Madeline Hurren from Medium noted that, while the Starlights "clearly transform between male and female", other characters do not question this representation of diverse representation. The author also compared Sailor Moon to newer manga and anime, stating that "the show treats the nuances of gender identity and sexuality simply as one aspect of a multi-dimensional character. This, however, has changed. Modern anime increasingly treats non-binary identities as the sole focus of a character." Austin Jones from Paste described the trio as "genderfluid characters, given their distance from Western ideas of gender presentation as well as their unique ability." Diane Darcy from CBR considered that, in the original anime adaptation, "along with being able to transition between male and female bodies, all three Sailor Starlights also behave like boys in their civilian identities and like girls in their Sailor Guardian identities" thus becoming "an excellent trans and non-binary representation." In her review of the second half of Sailor Stars, Rebecca Silverman from Anime News Network pointed out the pronouns that the Starlights' voice actresses use in their interviews when discussing their characters, in which "Yaten's consistently uses they/them while Taiki's says she sees the characters as genderfluid." Silverman also cited some moments of "jerk behavior" from Taiki and Yaten, including a scene in which Taiki mistreats a sick girl in a hospital, another one in which the both of them intimidate Chibi-Chibi, and even the group's decision not to tell Usagi about Galaxia until episode 190.

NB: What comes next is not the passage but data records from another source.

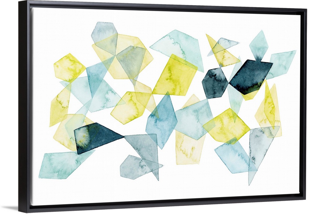 <p>Watercolor geometric shapes in vibrant greens and cool blues dominate this white background landscape in this contemporary artwork.</p>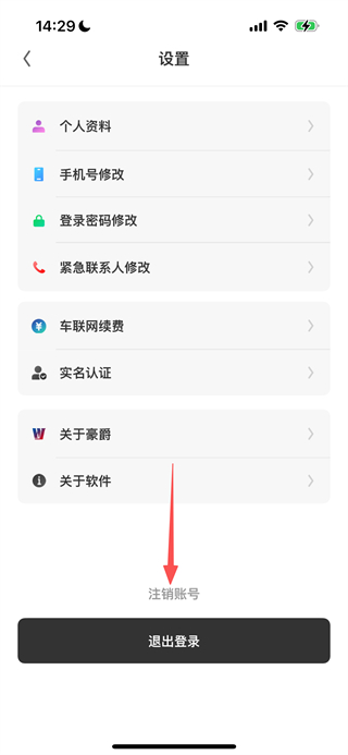 3、在设置页面点击注销账号选项,进入账号注销协议页面。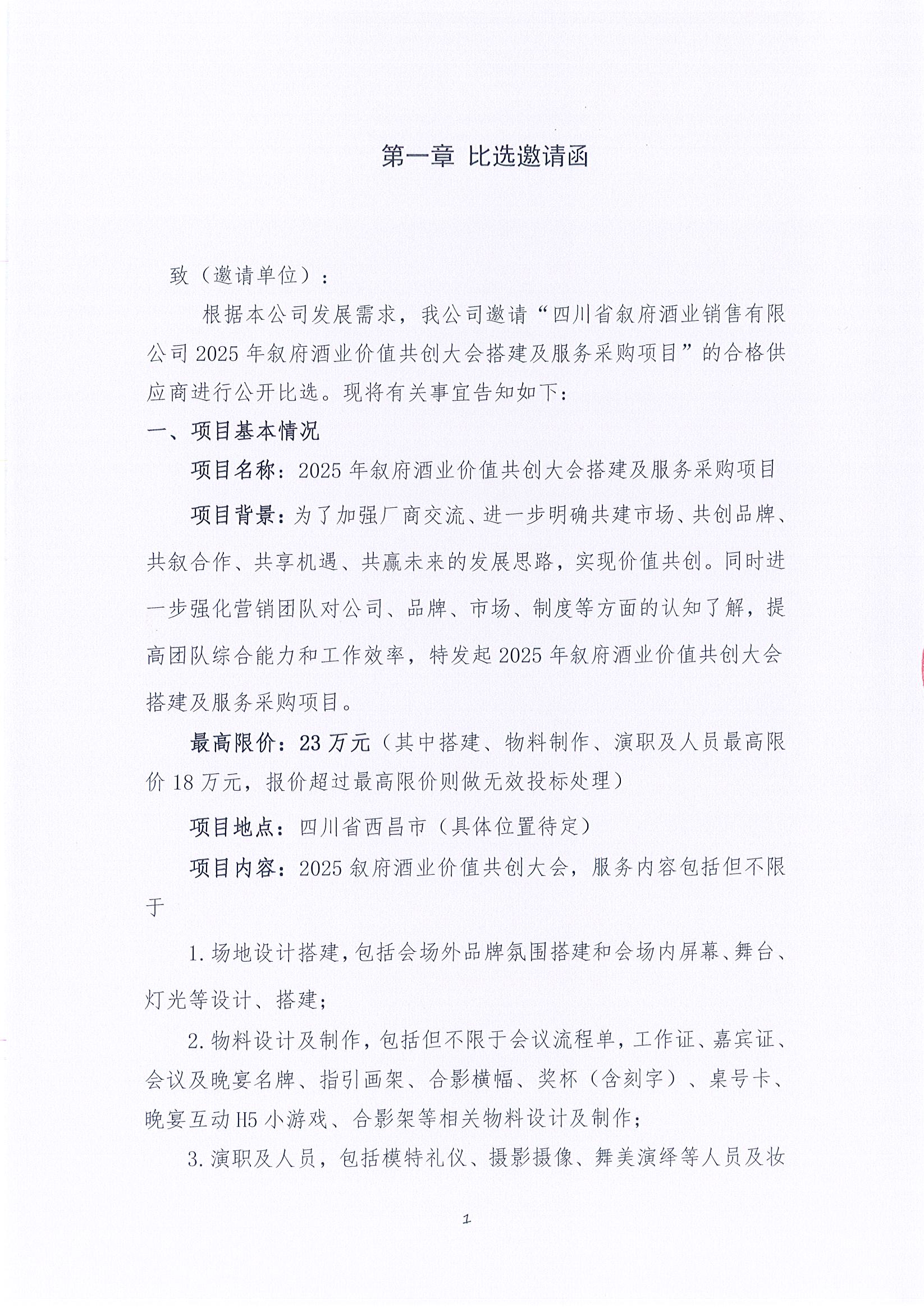 四川省敘府酒業(yè)銷(xiāo)售有限公司2025年敘府酒業(yè)價(jià)值共創(chuàng )大會(huì )搭建及服務(wù)采購項目比選邀請函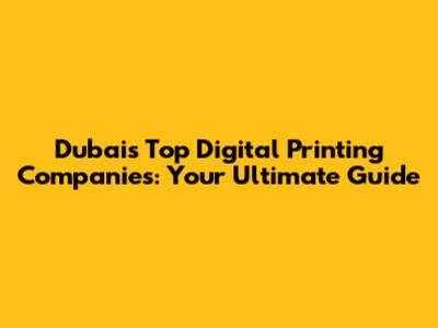 Dubai's Top Digital Printing Companies: Your Ultimate Guide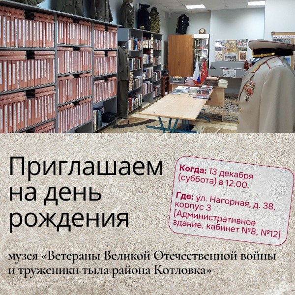 🎂 Музей "Ветераны ВОВ и труженики тыла района Котловка" Приглашает на День Рождения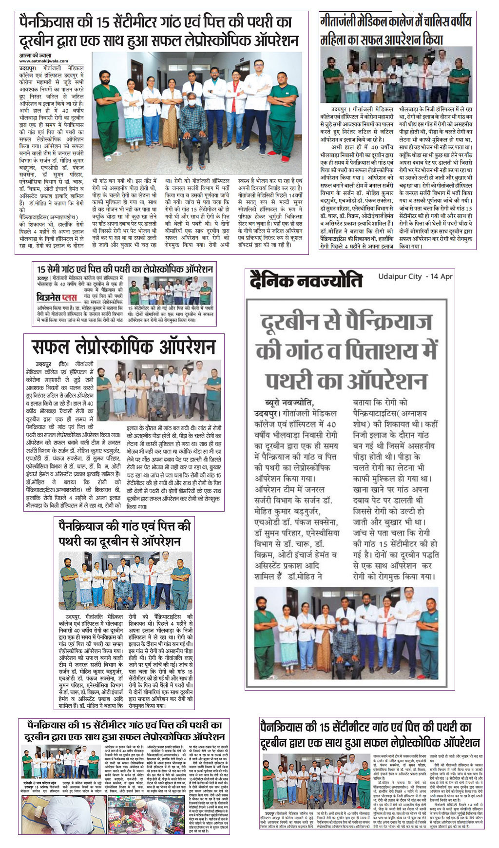 गीतांजली मेडिकल कॉलेज एवं हॉस्पिटल उदयपुर में कोरोना महामारी से जुड़े सभी आवश्यक नियमों का पालन करते हुए निरंतर जटिल से जटिल ऑपरेशन व इलाज किये जा रहे हैं| अभी हाल ही में 40 वर्षीय भीलवाड़ा निवासी रोगी का दूरबीन द्वारा एक ही समय में पेनक्रियास की गांठ एवं पित्त की पथरी का सफल लेप्रोस्कोपिक ऑपरेशन किया गया| ऑपरेशन को सफल बनाने वाली टीम में जनरल सर्जरी विभाग के सर्जन डॉ. मोहित कुमार बडगुर्जर, एचओडी डॉ. पंकज सक्सेना, डॉ सुमन परिहार, एनेस्थीसिया विभाग से डॉ. चारू, डॉ. विक्रम, ओटी इंचार्ज हेमंत व असिस्टेंट प्रकाश इत्यादि शामिल हैं|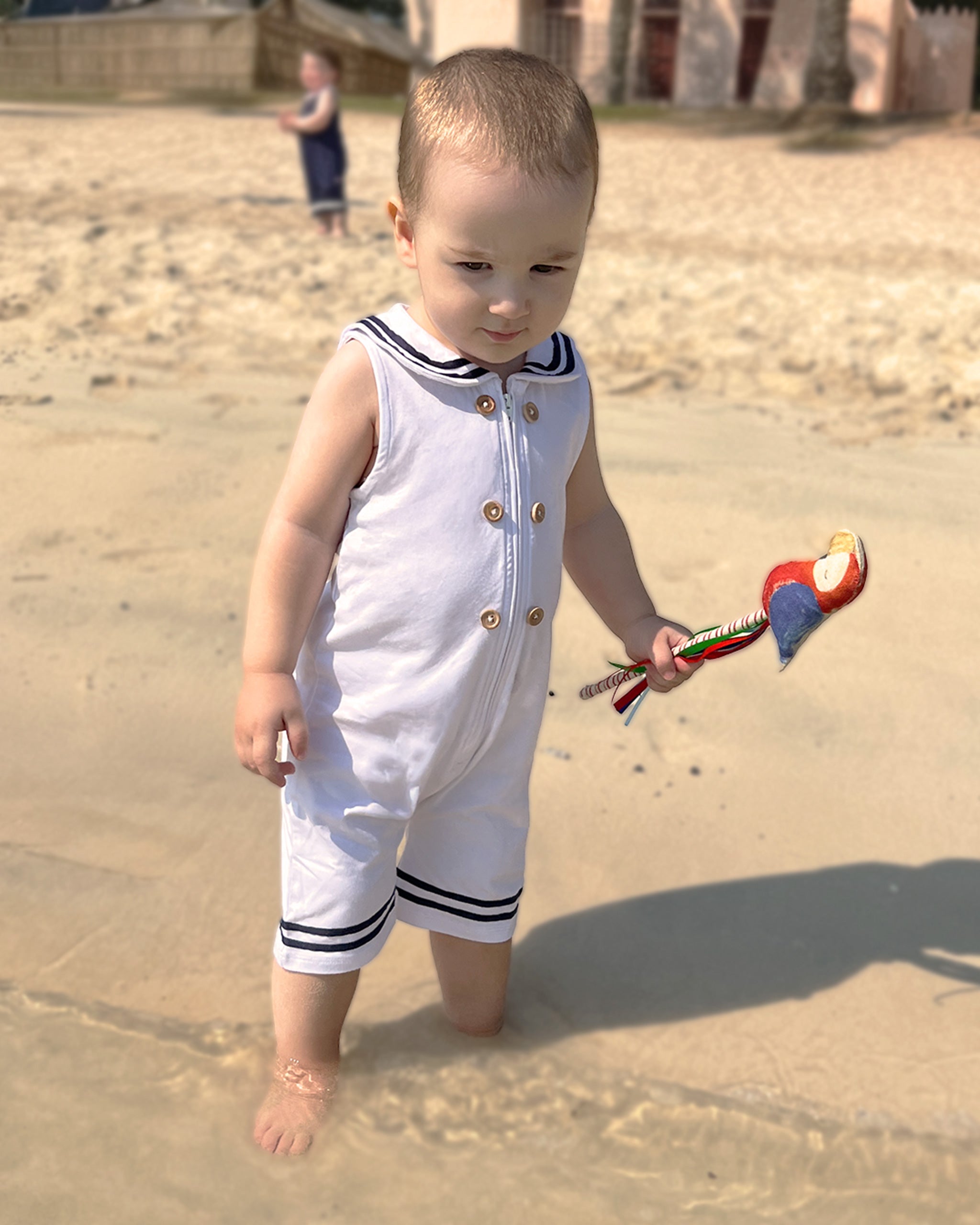في قديم الزمان، انطلق قبطان صغير لاكتشاف عجائب البحر... و هو يرتدي جمبسوت القبطان الصغير، أبحر في قصتي الخاصة المليئة بالمغامرات. تصميمه رائع و مريح؛ عندما أرتديه، أشعر و كأنني قبطان كبير، أقود طاقمي لاكتشاف المحيطات الثمانية و العثور على أطلانطس المفقودة. لتبدأ حكايات البحار!
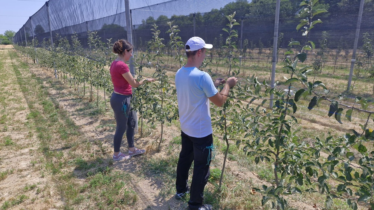 Prilikom održavanja praktičnog dijela edukacije predavač uvijek skrene pozornost polaznicima na mjere zaštite u voćnjacima koje je neophodno provoditi u vegetacijskoj sezoni. Polaznici su privezivali mlade sadnice uz naslon, što je jedna od osnovnih mjera njege u mladim nasadima kako bi sadnice mogle normalno rasti i razvijati se u određeni uzgojni oblik.
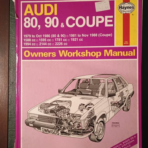Myynnissä klassinen Haynes-korjausopas, joka kattaa Audi 80-, 90- ja Coupé -mallit vuosilta 1979–1988. Kirja sisältää yksityiskohtaiset ohjeet, räjäytyskuvat, sähkökaaviot sekä vaiheittaiset korjaus- ja huolto-ohjeet. Erinomainen apu niin projektiautolle, kunnostukseen kuin yleiseen auton ymmärtämiseen.

In a review of Sailor Moon Cosmos, Darcy from CBR noted the difference in the portrayal of the Starlights, this time female in both Sailor Guardian and civilian forms, explaining that "by giving all three Sailor Starlights deeper voices, the characters' gender fluidity is more strongly conveyed and allows them to more convincingly pass for the male members of the boy band, Three Lights" while also praising the fact that "the Sailor Starlights' new voice actors do not aim to replicate the iconic performances" of the voice cast members of the original anime adaptation. Silverman from Anime News Network described the new transformation sequences of the Starlights in Cosmos as "very awkward".

===Censorship===
The Sailor Stars season of the original anime adaptation was not dubbed into English by DIC Entertainment and Cloverway Inc. Rodriguez-Garcia of The Michigan Daily explained that licensing issues were the main reason behind this event. However, other authors cite more reasons, the Starlights and their transformations being amongst them. Jamilya Ramos-Chapman from Syndicated Magazine stated that, in previous seasons, efforts were made to censor the sexuality of Sailor Uranus, Sailor Neptune, and Fish Eye, to make these characters fit into heteronormative narratives. Yet, this was not possible with the storyline of Sailor Stars, so DiC and Cloverway decided not to air the season, because of "the introduction of the Sailor Starlights, three male pop idols who could magically transform into otherworldly female warriors." Caroline Madden from /Film explained that, while DiC and Cloverway were able to censor the true identities of characters such as Zoisite and Fish Eye by "casting cis women to voice these long-haired characters" and thus "let them pass as cisgender and heterosexual", it would have been impossible to avoid with the Starlights' non-conforming identity. According to an article in Bookmans, there was "no way to edit out the strong transgender/transexual themes that involve the three new characters, the Sailor Star Lights". The article also mentioned the complications derived from the relationship between Seiya and Usagi, and how "even after she discovers the truth later on, she is not phased by the fact that "Fighter" is female." Vargas and Younkin from CBR stated that one of the reasons behind the decision not to air the final season was because "it would have been almost impossible to censor the Sailor Starlights in the way that they had with previous queer characters in the series."

In the Italian dub, instead of changing sex, the team has six members, as the Three Lights summon their twin sisters instead of transforming, as the original depiction was very controversial in Italy. Jones considered this decision "completely ridiculous and only draws attention to the inherent queerness hiding in the series."